The Fed also announced it will end its quantitative tightening program on December 1, marking a gradual shift toward looser policy conditions.
Not all members of the Federal Open Market Committee agreed on the pace of easing. Some, including Stephen Miran, argued for a steeper 50 basis-point reduction to speed growth, while others — such as Cleveland Fed President Beth Hammack and Dallas Fed President Lorie Logan — urged caution.
This internal divide highlights growing uncertainty about how the Fed will navigate the months ahead.
Crypto markets react as Bitcoin retreats
In the hours after the Fed’s announcement, Bitcoin dropped roughly 3% to trade near $111,400, while Ethereum hovered around $4,000, down by a similar margin.
The broader crypto market capitalization stood at about $3.86 trillion after a moderate 2.4% decline, with many top assets trading in the red.
Liquidations across derivatives platforms totaled roughly $560 million, reflecting a short-lived wave of volatility.
The muted reaction suggests the rate cut had largely been priced in, as traders had anticipated the move for weeks.
Bitcoin’s weakness followed a broader pullback from all-time highs reached earlier this month.
While lower rates and renewed liquidity are generally viewed as supportive, the market remained cautious.
Ethereum and other major altcoins, including Solana (SOL), XRP and Binance Coin (BNB), also posted small daily losses.
Economic backdrop weighs on investor sentiment
Recent data from the Chicago Fed showed unemployment near 4.3%, the highest level in four years, while inflation remains around 3%, above the Fed’s 2% target.
The Conference Board’s consumer expectations index also remains below levels typically associated with robust confidence, raising concerns about a potential slowdown.

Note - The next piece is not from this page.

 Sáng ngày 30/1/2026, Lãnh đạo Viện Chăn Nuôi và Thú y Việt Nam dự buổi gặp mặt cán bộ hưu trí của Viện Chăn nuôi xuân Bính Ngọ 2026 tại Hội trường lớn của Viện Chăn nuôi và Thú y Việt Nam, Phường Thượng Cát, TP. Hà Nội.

These signals paint a picture of an economy losing momentum.
With inflation still elevated and job growth softening, the Fed faces a delicate balancing act — supporting growth without reigniting price pressures.
Analysts say that if the economy weakens further, additional rate cuts could follow before year-end.

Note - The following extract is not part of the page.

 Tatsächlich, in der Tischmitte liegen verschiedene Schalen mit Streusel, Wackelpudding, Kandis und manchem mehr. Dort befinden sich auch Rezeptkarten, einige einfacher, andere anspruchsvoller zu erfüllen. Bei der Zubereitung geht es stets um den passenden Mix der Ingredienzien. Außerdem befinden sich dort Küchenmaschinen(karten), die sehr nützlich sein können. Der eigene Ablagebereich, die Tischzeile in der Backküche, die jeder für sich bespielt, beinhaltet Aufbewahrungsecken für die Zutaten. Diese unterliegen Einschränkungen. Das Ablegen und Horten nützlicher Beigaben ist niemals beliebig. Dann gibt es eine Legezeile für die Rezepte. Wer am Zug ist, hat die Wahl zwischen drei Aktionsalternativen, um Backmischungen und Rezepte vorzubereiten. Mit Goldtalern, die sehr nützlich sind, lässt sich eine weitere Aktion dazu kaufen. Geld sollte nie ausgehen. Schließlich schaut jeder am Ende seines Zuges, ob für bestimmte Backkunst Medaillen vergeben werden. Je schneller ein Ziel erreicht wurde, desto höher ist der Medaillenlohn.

Markets now await Powell’s next move
Traders will watch Powell’s remarks closely for clues on how long the current easing cycle might last.
Many expect the Fed to maintain a cautious tone while emphasizing flexibility given the lack of recent economic data due to the government shutdown.
Crypto analysts believe continued moves toward lower rates and the end of quantitative tightening could support digital assets over the medium term.
Easier financial conditions typically encourage risk-taking, and historically Bitcoin and other cryptocurrencies have benefited from increased liquidity.
That said, short-term volatility remains likely.
Bitcoin’s price remains sensitive to macroeconomic shifts, and with uncertainty around both monetary policy and the global economic outlook, traders may see further moves before the market finds a clear direction.
In the near term, crypto investors are braced for Powell’s statements and any signals of further easing.
Although lower interest rates could relieve pressure on risk assets, the path forward remains uncertain — for now, Bitcoin and altcoins appear content to wait for clearer signs from the Fed’s next steps.